DeepSeek for Dummies: Understand How They Did It (Without Being Techie)

How DeepSeek's New Model Works and How it Moved SFT (Supervised Fine Tuning) to the backseat, Trump's $500B Stargate Project That's Privately Funded, and OpenAI's New Agent Operator: This Week in AI

Jan 27, 2025

Today, we’ve got a packed episode covering some of the most exciting—and let’s be honest, controversial—developments in AI.

Watch Video Debrief Here:

Advancement #1: How Chinese Startup DeepSeek Matched OpenAI o1 Performance at 95% Less Cost by Doing the Opposite Of Everyone Else

This week, Chinese AI startup DeepSeek released DeepSeek-R1, an open-source model that achieved the same performance as OpenAI’s o1... all while using 95% less compute power and cost.

With a training budget of only $6 million dollars, DeepSeek didn’t rely on billions of dollars like OpenAI and Google but instead focused on highly efficient strategies like synthetic data and pure reinforcement learning. The result is a model that’s faster, cheaper, and open for anyone to build on.

And here’s the best part: DeepSeek-R1 is fully open-weight, with a transparent technical report detailing exactly how it was built, so this isn’t just innovation but it’s a gift to the AI community and a direct challenge to the industry status quo.

So let’s look at how it works how they trained this model to pull this off.

HOW IT WORKS

One of the most expensive steps right now when building large AI models is supervised fine-tuning (SFT). It’s the process that teaches models to follow instructions by training them on carefully labeled examples, relying on huge, curated datasets and human oversight to ensure its accuracy. OpenAI and other industry leaders rely heavily on this step, making it the backbone of their development pipeline. But SFT is costly and labor-intensive, because it requires labeling data, humans, and repeated iterations.

What DeepSeek did was flipped the script by completely reversing the typical training process. Instead of building its model around supervised fine-tuning (SFT), DeepSeek-R1 put pure reinforcement learning (RL) in the driver’s seat.

Reinforcement learning (RL) is a trial-and-error training approach where a model interacts with an environment, generates outputs, and adjusts its behavior based on rewards or penalties.
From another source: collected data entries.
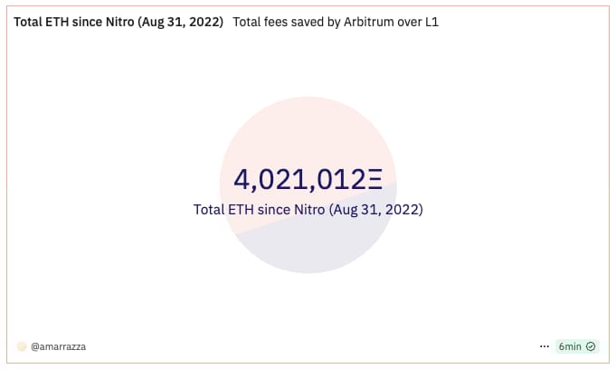 Desde então, a Arbitrum One já economizou mais de US$ 17 bilhões em taxas de gas para seus usuários.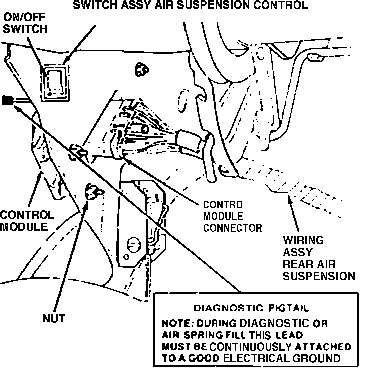 1. With suspension unloaded, turn air suspension switch to ON position, ensuring diagnostic pigtail is ungrounded. Lower vehicle, ensuring no load on the suspension.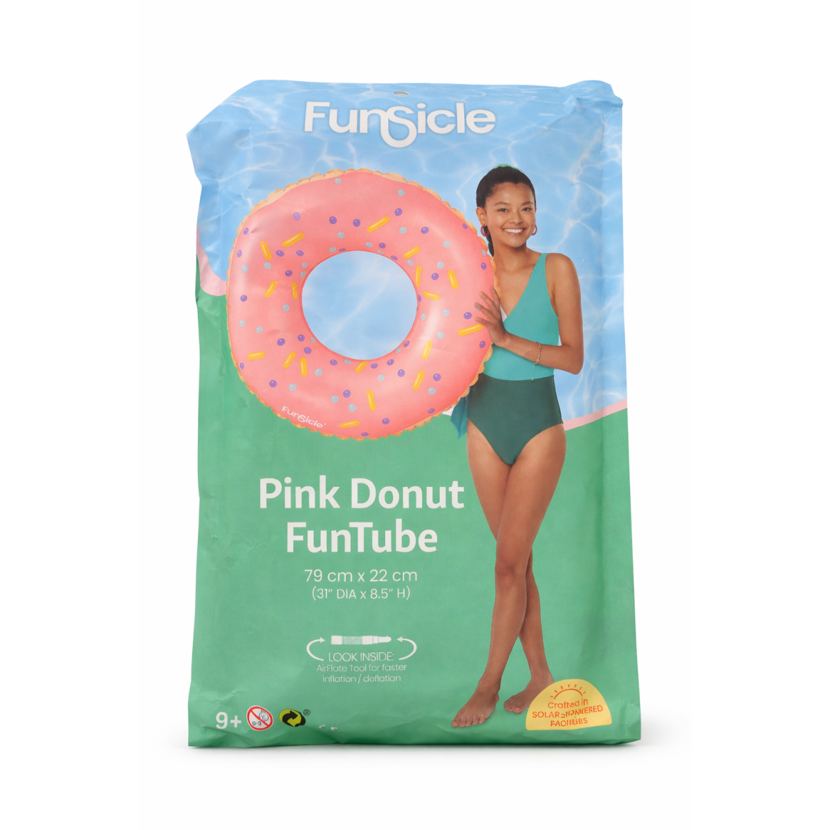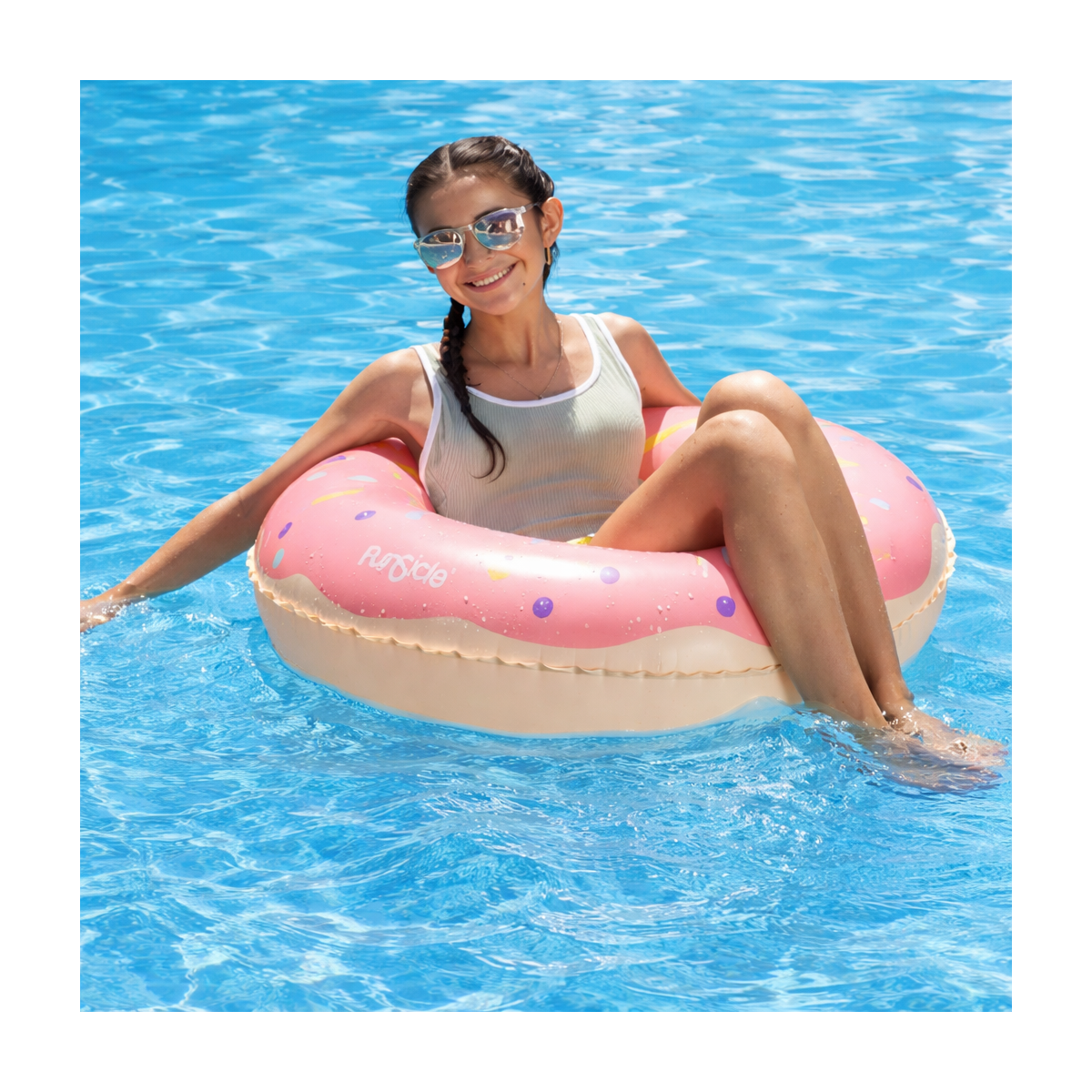 El Flotador Circular Donut Rosa es el complemento perfecto para niños y niñas a partir de 9 años que quieren disfrutar al máximo del verano en la piscina o la playa. Su divertido diseño en forma de donut con colores suaves y detalles de “sprinkles” lo convierte en un hinchable muy llamativo y original.

A typical scenario would be to generate multiple answers to a problem, scoring each one based on how "correct" or "useful" it is, and refining the model to produce better answers over time. Ultimately, it’s a self-driven training method that allows models to figure out what the right answer is by experimenting and self-correcting.

(yes, i know what you’re thinking, it does indeed sound like a human brain’s way of handling an issue... but we’re not going to go there.. yet).

So here’s how to think about it: DeepSeek let reinforcement learning (RL) handle the heavy lifting—reasoning, logic, and problem-solving—while supervised fine-tuning (SFT) acted as the cleanup crew, stepping in at the end to polish everything up. This makes a lot of sense when you think about it, but its completely the opposite of what everyone else does.

DeepSeek broke up its training process into four phases.

Step 1: Create Base Model with Supervised Fine-Tuning (SFT)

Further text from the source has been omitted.